О нем сняли репортаж для канала «Культура», потом позвали дать интервью в студии. Костя приехал в «Останкино» на съемки, и, пока сидел на гриме, к нему подошла женщина, представившаяся Еленой Ваневич. Костя поначалу подумал, что это кто-то из редакторов, но, когда Елена сообщила, где и кем работает, у Кости задрожали колени и он обрадовался, что сидит, потому что иначе мог бы и упасть. Елена предложила встретиться у нее в кабинете, познакомиться с Мастером и обсудить возможности сотрудничества.
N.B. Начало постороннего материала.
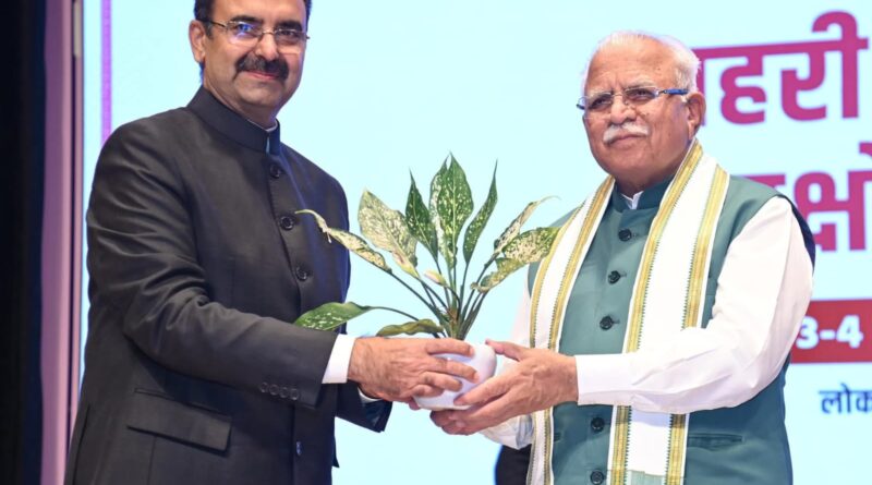 केंद्रीय मंत्री मनोहरलाल के पहुचने पर अभिनंदन करते स्पीकर हरविंद्र कल्याण*
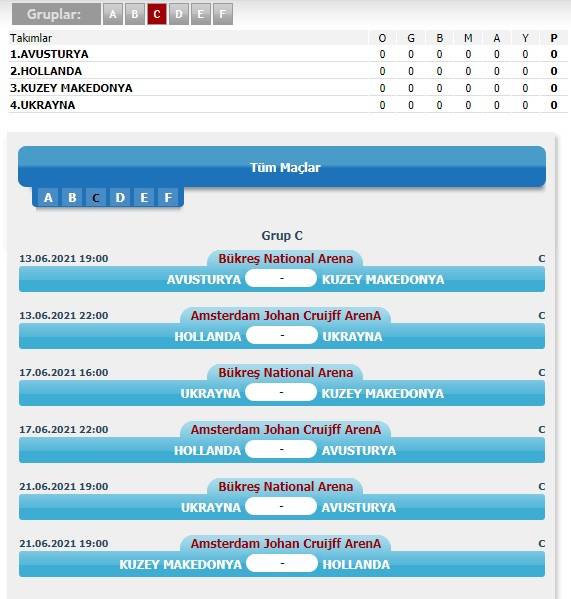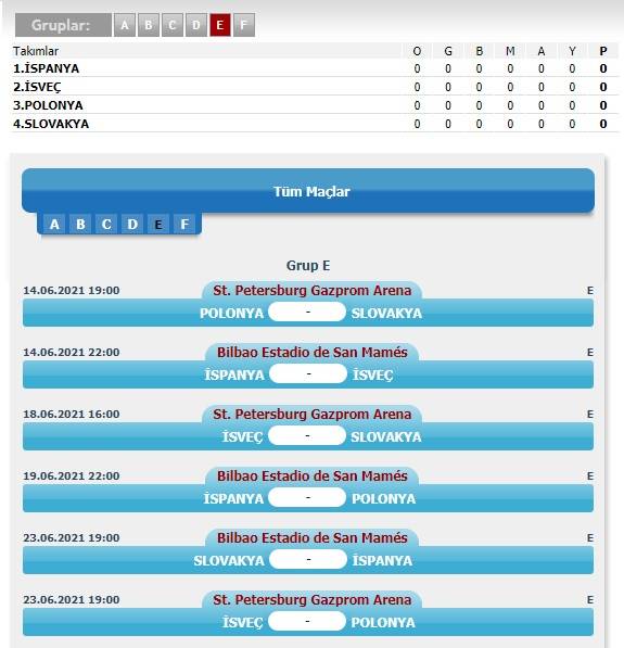 EURO 2020 puan durumu, EURO 2020 Fikstür
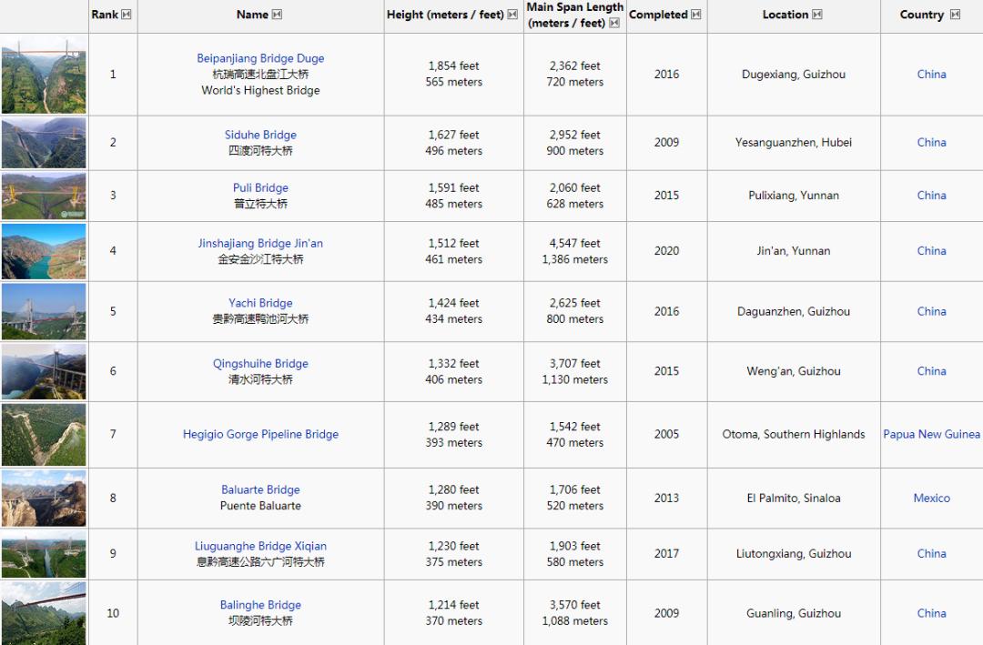 世界上最高的桥梁中,前10名中有8个属于中国。

Скажи кто-нибудь Косте еще год назад, что скаут одного из главных московских театров обратится к нему с подобным предложением, он просто не поверил бы. И тем не менее встреча с Мастером состоялась, условия они предварительно обговорили, и Костя бросился домой, сообщить родителям о победе.

Узнав, где сын будет ставить следующий спектакль, Борис Константинович поднялся с кресла и пожал ему руку.

– Уважаю, – сказал он веско, а потом добавил: – Далеко пойдешь.

Основания для этого были: Мастер – в миру Гуляев Игорь Андреевич, Андреич, директор и худрук Российского театра драмы, – славился тем, что продвигал молодых, талантливых и бескомпромиссных, в которых, наверное, видел себя лет сорок назад. Костя понимал, как ему повезло: все-таки он сбил сметану из жидкого молока школьных и студенческих проб, сумел вырваться из провинции, получил шанс блеснуть на столичной сцене и заявить о себе на всю страну. Мастеру не приходилось оглядываться на начальство – чиновники из Министерства культуры ловили каждое его слово.

При взгляде на него казалось, что в теле человека пожилого, даже – чего уж там! – старого, прячется мальчишка, подросток, хулиган, так задорно блестели под седыми бровями круглые глаза, так стремительны были жесты и задиристы шутки. В свои шестьдесят восемь он продолжал и работать, и отдыхать на полную катушку, растил детей от второго брака – шестнадцатилетнего сына и десятилетнюю дочь.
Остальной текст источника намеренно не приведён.